Stored data:

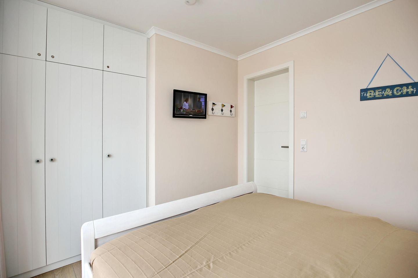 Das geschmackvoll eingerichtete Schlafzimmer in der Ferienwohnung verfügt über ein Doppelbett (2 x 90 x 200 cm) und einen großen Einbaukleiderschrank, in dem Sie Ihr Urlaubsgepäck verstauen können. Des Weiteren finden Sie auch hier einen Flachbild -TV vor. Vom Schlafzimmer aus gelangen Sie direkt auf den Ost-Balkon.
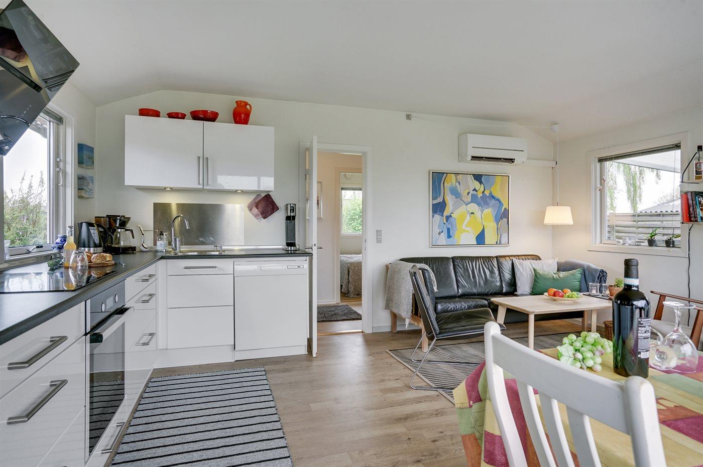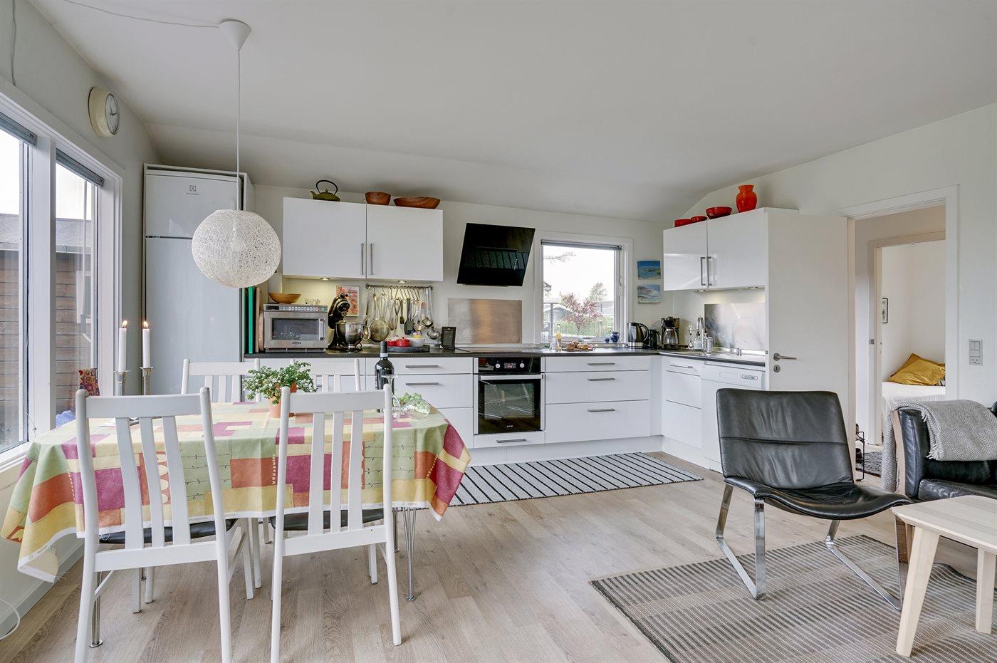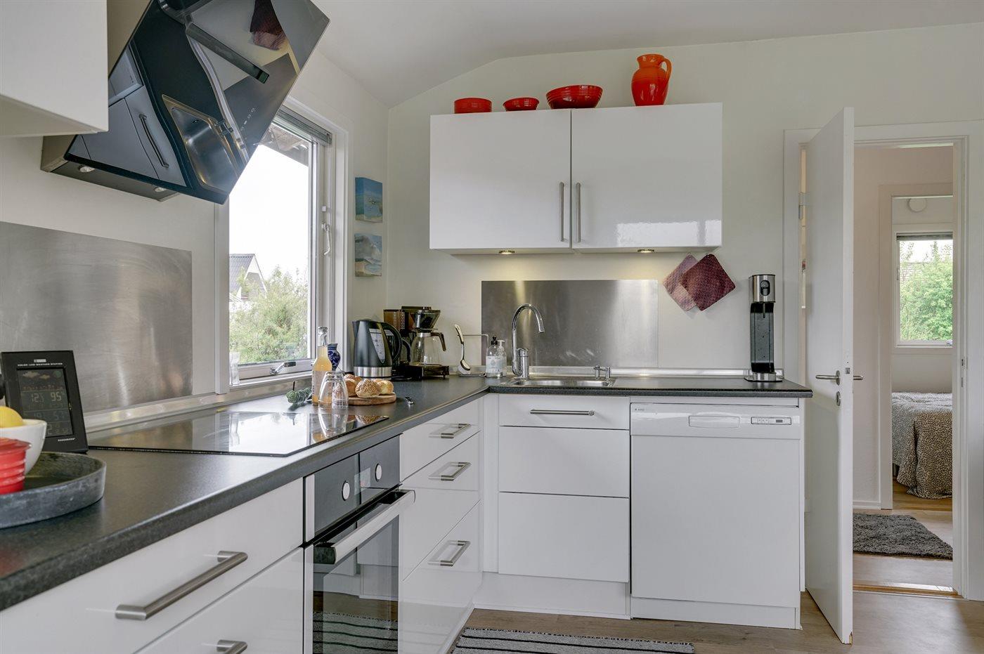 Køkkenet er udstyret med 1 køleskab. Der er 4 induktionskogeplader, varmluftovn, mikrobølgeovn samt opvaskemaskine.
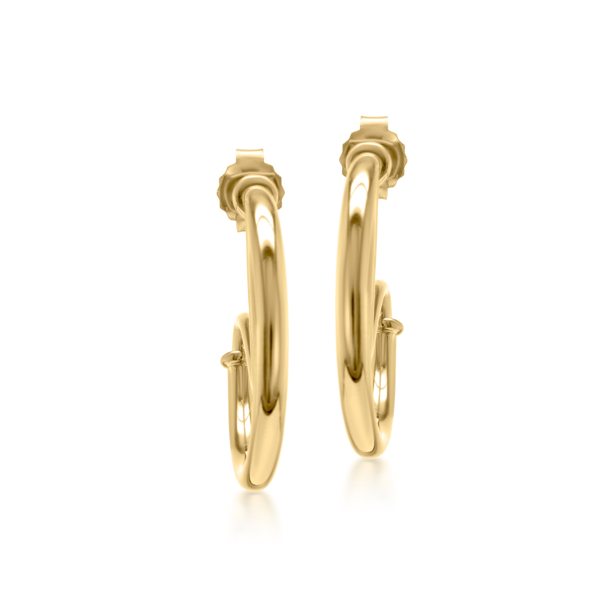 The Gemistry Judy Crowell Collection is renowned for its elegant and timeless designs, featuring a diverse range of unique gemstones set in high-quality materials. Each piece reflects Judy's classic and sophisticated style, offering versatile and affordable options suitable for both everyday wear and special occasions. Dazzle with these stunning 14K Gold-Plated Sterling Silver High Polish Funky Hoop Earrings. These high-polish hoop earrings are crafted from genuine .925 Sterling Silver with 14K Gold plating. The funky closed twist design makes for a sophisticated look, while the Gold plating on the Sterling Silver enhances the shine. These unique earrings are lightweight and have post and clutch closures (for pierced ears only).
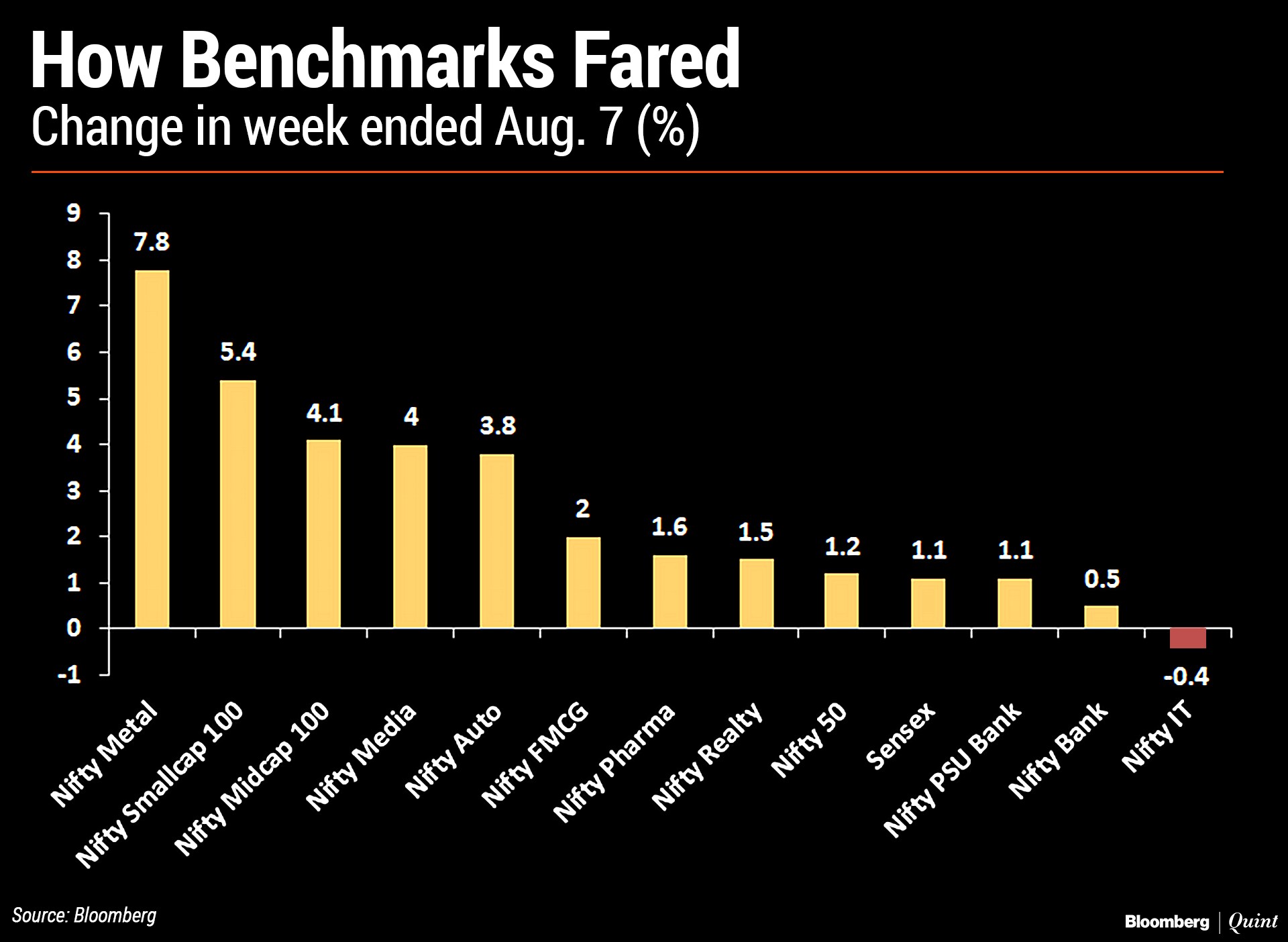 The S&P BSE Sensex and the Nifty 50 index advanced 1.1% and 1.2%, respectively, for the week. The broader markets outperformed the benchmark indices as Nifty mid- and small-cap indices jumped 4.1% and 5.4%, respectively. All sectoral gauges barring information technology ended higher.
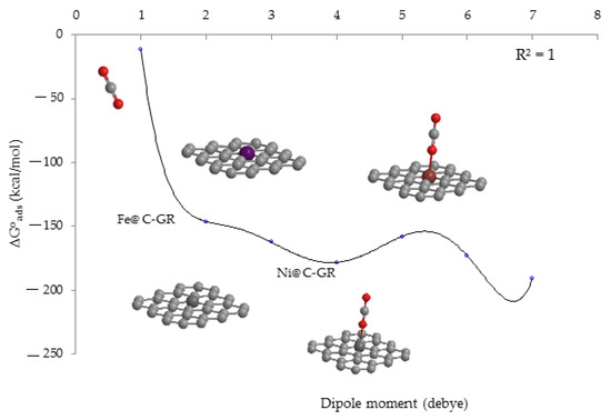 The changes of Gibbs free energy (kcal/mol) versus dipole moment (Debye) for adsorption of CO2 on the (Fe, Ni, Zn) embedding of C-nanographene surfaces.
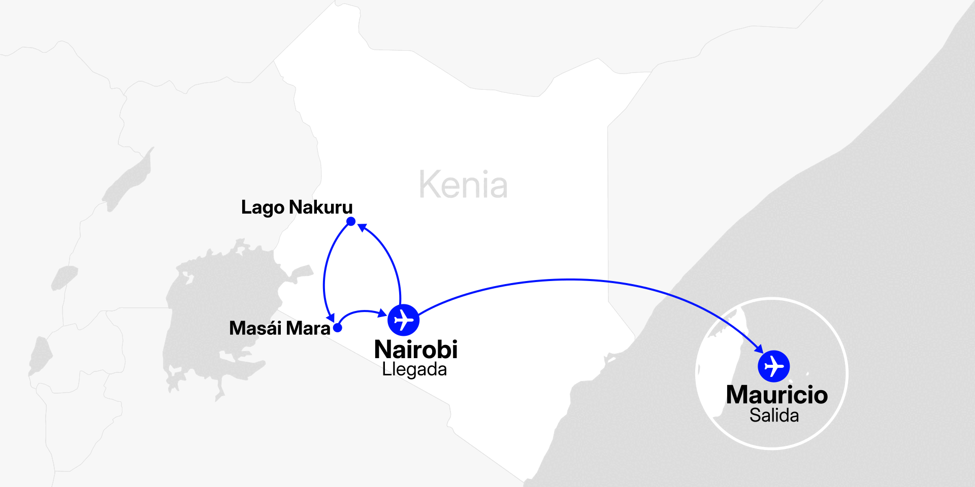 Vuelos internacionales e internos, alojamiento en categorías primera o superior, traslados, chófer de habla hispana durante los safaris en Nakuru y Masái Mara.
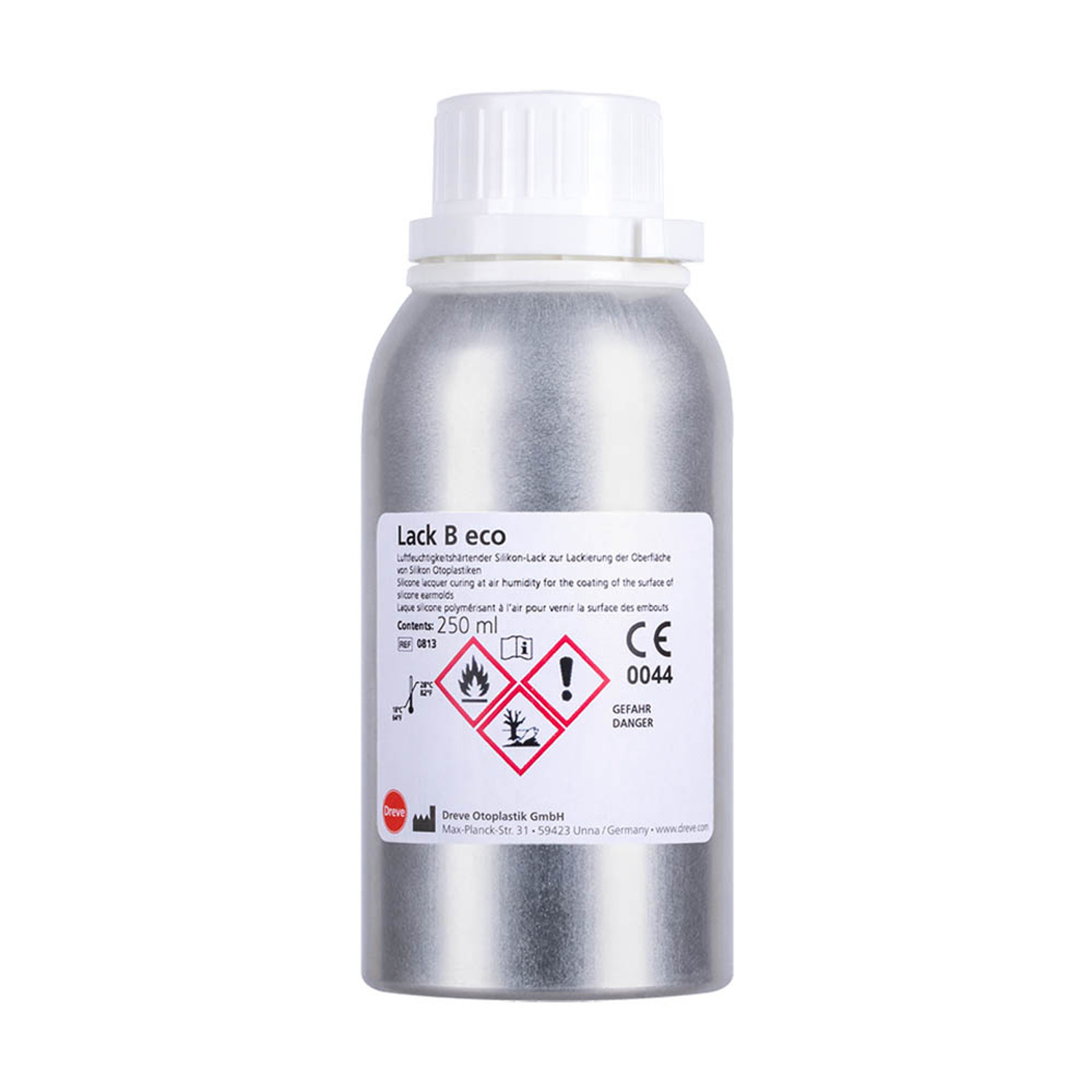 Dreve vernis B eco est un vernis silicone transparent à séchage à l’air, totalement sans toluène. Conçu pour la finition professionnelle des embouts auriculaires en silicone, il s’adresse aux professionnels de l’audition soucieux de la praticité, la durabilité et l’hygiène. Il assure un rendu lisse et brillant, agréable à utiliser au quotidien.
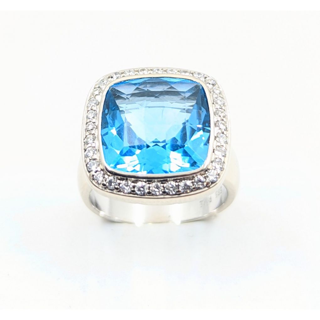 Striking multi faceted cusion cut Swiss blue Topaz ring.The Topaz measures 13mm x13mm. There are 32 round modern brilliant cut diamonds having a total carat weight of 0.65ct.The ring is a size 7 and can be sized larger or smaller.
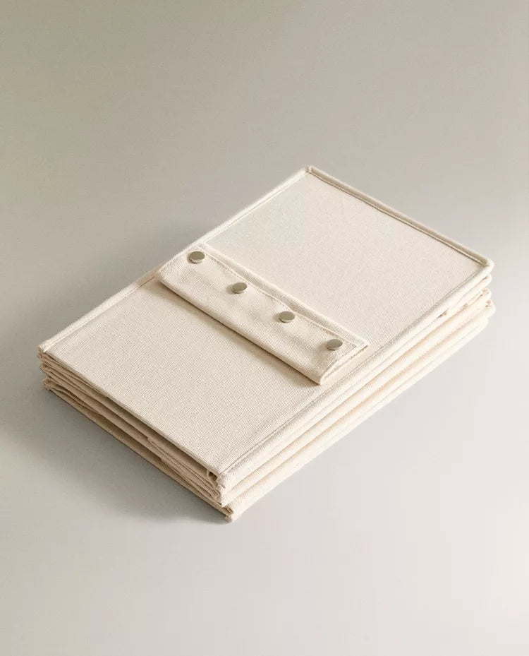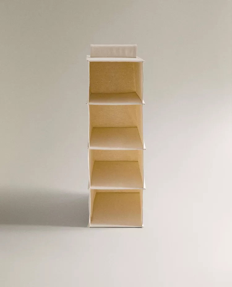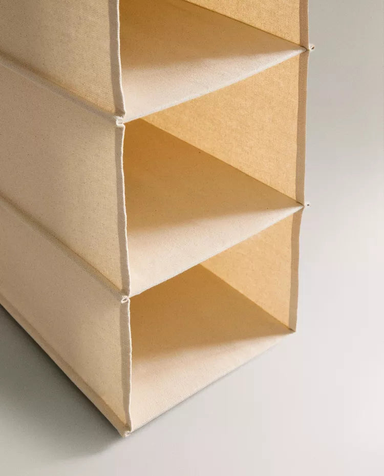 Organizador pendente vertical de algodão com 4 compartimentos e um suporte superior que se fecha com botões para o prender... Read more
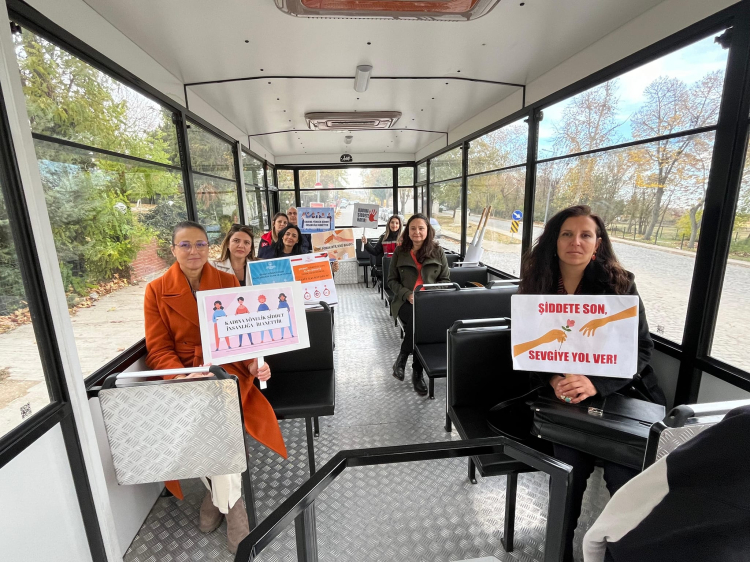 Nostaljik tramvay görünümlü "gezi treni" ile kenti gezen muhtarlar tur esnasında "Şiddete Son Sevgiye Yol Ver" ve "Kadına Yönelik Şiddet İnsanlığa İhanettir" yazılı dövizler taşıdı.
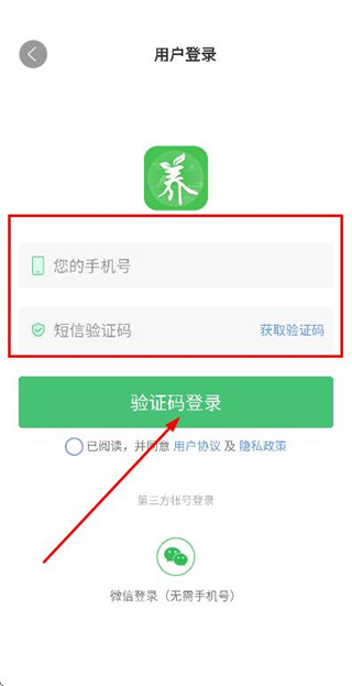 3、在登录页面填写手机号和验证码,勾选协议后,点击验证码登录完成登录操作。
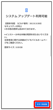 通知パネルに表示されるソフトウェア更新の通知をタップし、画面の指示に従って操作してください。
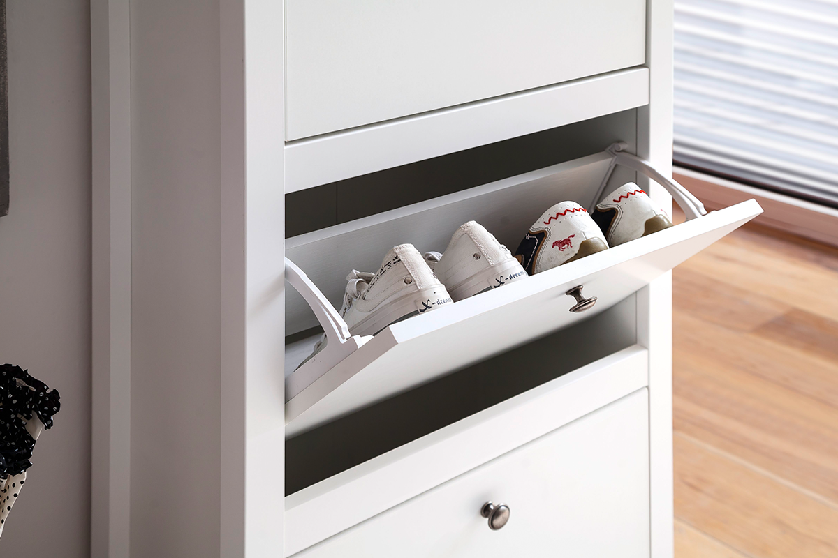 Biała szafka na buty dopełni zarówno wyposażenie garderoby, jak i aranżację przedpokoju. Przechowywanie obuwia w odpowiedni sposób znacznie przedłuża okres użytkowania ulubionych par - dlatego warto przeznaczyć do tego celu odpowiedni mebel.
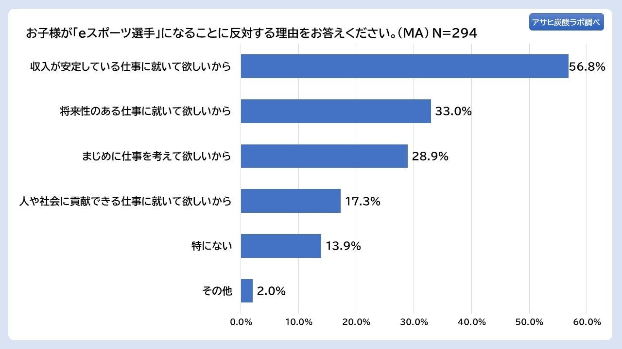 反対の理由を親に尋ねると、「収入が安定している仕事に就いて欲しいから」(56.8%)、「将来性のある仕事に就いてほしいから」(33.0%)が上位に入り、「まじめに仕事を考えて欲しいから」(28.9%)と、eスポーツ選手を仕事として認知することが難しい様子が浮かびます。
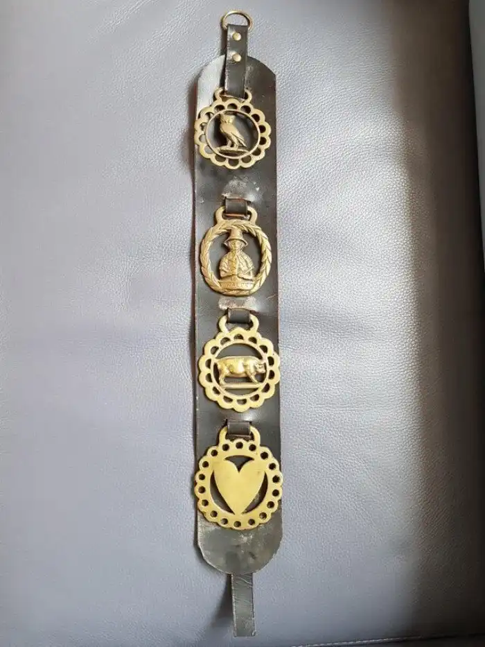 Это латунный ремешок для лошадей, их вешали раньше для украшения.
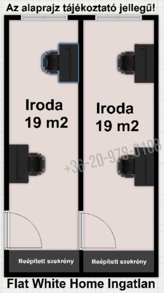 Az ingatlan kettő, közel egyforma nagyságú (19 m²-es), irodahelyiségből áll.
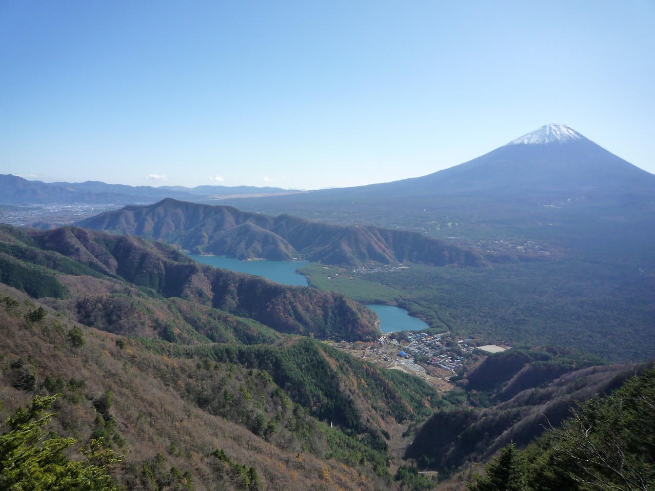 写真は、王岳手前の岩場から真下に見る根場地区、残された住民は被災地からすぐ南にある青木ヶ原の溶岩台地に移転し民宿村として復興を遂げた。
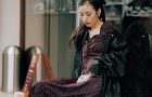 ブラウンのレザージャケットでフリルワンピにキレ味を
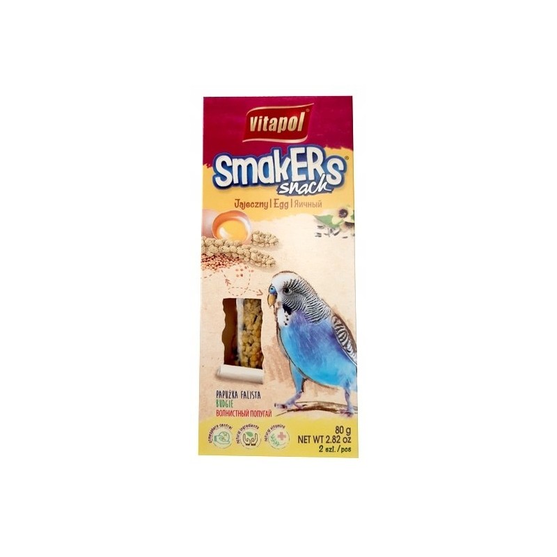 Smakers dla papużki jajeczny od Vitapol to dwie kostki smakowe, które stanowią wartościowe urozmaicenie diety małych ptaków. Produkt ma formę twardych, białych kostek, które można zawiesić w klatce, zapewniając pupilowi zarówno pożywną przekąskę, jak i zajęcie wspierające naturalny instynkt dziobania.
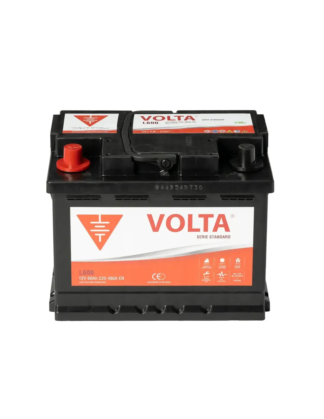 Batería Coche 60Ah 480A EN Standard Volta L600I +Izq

* _Exercise_
No pictures belong in the answer. It must repeat exactly the lines from the line with "ブラウンのレザージャケットでフリルワンピにキレ味を" through the final line of the records.

* _Completed exercise_
 ブラウンのレザージャケットでフリルワンピにキレ味を
 Smakers dla papużki jajeczny od Vitapol to dwie kostki smakowe, które stanowią wartościowe urozmaicenie diety małych ptaków. Produkt ma formę twardych, białych kostek, które można zawiesić w klatce, zapewniając pupilowi zarówno pożywną przekąskę, jak i zajęcie wspierające naturalny instynkt dziobania.
 Batería Coche 60Ah 480A EN Standard Volta L600I +Izq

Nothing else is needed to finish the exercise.